What we're accomplishing here is gathering information. The information we're hoping to get is books and their prices. When we can't get a book, the error message about why is still information. Treating the error as data instead of catastophe lets us continue gathering what information we do have, instead of crashing.

There are multiple kinds of errors we can get here. We could be unable to read the whole file, or lines in the file. Or we could have a line with some missing information. If we have a book without an ISBN, then we can still consider the price. If we have a book without a price, then we can't include it in the total -- that's a different problem. Ideally, our program outputs all the prices it can total, along with counts of the ones we could not total and why.
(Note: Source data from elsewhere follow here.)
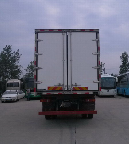 厢体顶部封闭,不可开启;可选装无侧门厢体,可选装其它厂家功率相当的制冷机组,选装尾板,尾板质量为550kg,尾板收起状态时的水平长度为295mm;选装尾板时仅选用断面尺寸Φ121mm的后防护,后防护材质:Q235,连接方式:焊接,离地高度470mm;前雾灯,前面罩,前围扰流板均为选装件;选装卧铺侧窗装饰板,驾驶室顶部装饰灯为选装件,选装不同材质油箱,选装储气筒位置.侧防护:材质Q235,螺栓连接;后下防护:材质Q235,螺栓连接,断面尺寸(mm)120?0,离地高度460mm;安装具有卫星定位功能的行驶记录仪.装有ABS,ABS型号:3631010-C2000,4460046440,生产厂家:东科克诺尔商用车制动系统(十堰)有限公司,威伯科汽车控制系统(中国)有限公司.车辆的长度/轴距/后悬(mm)的对应关系为: 8600/4700/2470, 9000/5000/2570.随底盘选装限速装置,限速89km/h. |
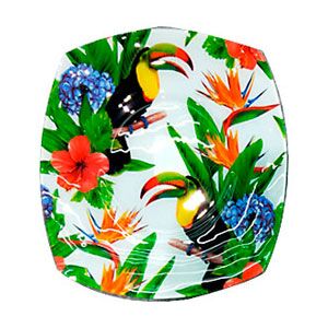 Bowl fabricado en cristal con un vibrante diseño de flores tropicales y tucanes. Aporta un toque exótico y alegre a tu mesa. El material es cristal. Medidas: 18 x 18 x 5 cm.
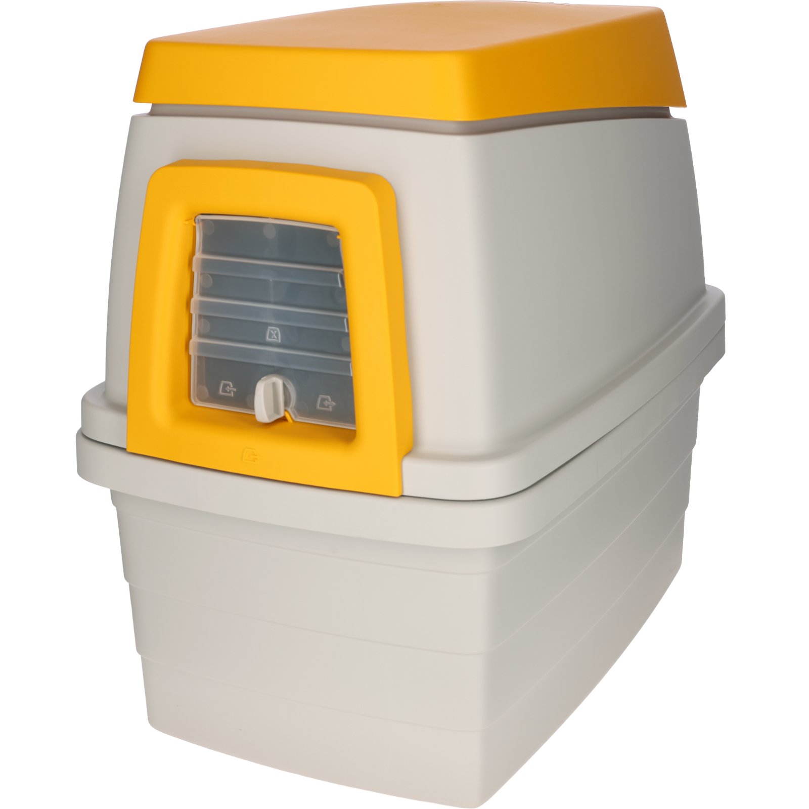 flexible4-Wege-Türe (je nach Einstellung können die Tiere nur hinaus, nur hinein, hinaus und hinein oder die Türe bleibt verschlossen)
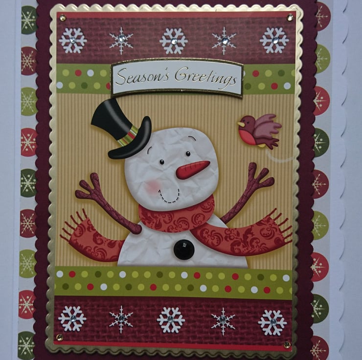 A happy snowman surrounded by snowflakes is sending you Season's Greetings, doesn't he look smart in his top hat and scarf? A cute robin has come to join in too.
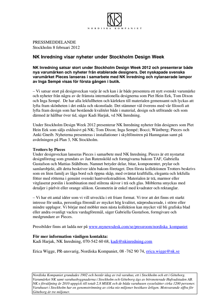 NK Inredning satsar stort under Stockholm Design Week 2012 och presenterar både nya varumärken och nyheter från etablerade designers. Det nyskapade svenska varumärket Pieces lanseras i samarbete med NK Inredning och nylanserade lampor av Inga Sempé visas för första gången i butik.
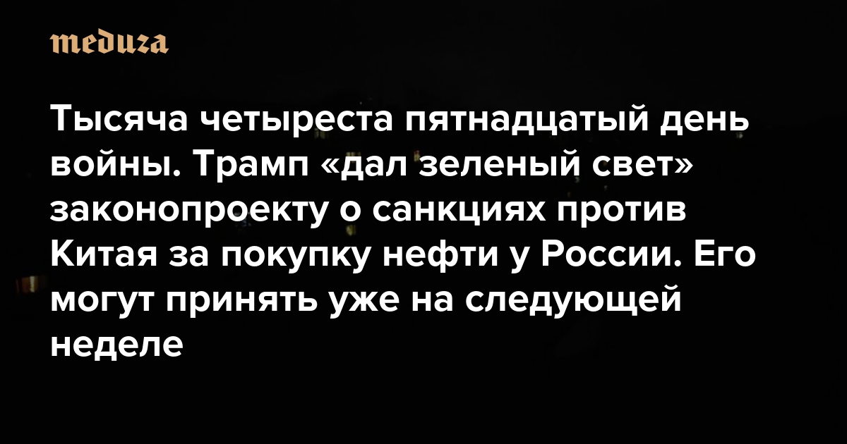 Война Тысяча четыреста пятнадцатый день. Трамп «дал зеленый свет» законопроекту о санкциях против Китая за покупку нефти у России. Его могут принять уже на следующей неделе
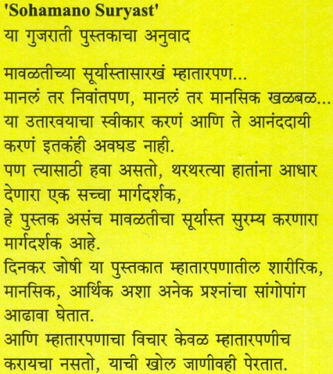 मावळतीच्या सूर्योस्तासारखं म्हातारपण... मानलं तर निवांतपण, मानलं तर मानसिक खळबळ... या उतारवयाचा स्वीकार करणं आणि ते आनंददायी करणं इतकंही अवघड नाही. पण त्यासाठी हवा असतो, थरथरत्या हातांना आधार देणारा एक सच्चा मार्गदर्शक, हे पुस्तक असंच मावळतीचा सूर्यास्त सूरम्य करणारा मार्गदर्शक आहे.दिनकर जोषी या पुस्तकात म्हातारपणातील शारीरिक, मानसिक, आर्थिक अशा अनेक प्रश्नांचा सांगोपांग आढावा घेतात. आणि म्हातारपणाचा विचार केवळ म्हातारपणीच का नसतो, याची खोल जाणीवही पेरतात.

Chapter 3: Nil is not data.

It just isn't. Nil has too many disparate meanings to mean any one thing.

Chapter 4: Functional composition

In which I decide I want all the steps to print a report that they're happening, so I can see the execution order. To do this, wrap each of them in a function that (1) prints a message and (2) calls the wrapped function. This beats the snot out of going into each function that does something and telling it to print a message.

Chapter 5: Laziness

Now that I can see the execution order, it's time to mess with it. The Level4 implementation reads in all the files; maps all the rows; selects all the rows; etc. This only works if all the data fits in memory at once. Say it doesn't - say we want to read each file line by line, accumulating the total price as we go, and then forgetting that line so that we don't run out of memory.

add ".lazy" after our first Enumerable and bam, we're done. Now files are read one at a time and lines are parsed one at a time.

The negative is, if after that I decide to count the errors, all the reading happens again.

Chapter 6: Pipeline

So I implement a funny-looking framework that constructs the whole pipeline, complete with splits which send the data both ways so it can be both counted and totaled. The data is pushed through the pipeline once and all totals are calculated as it goes.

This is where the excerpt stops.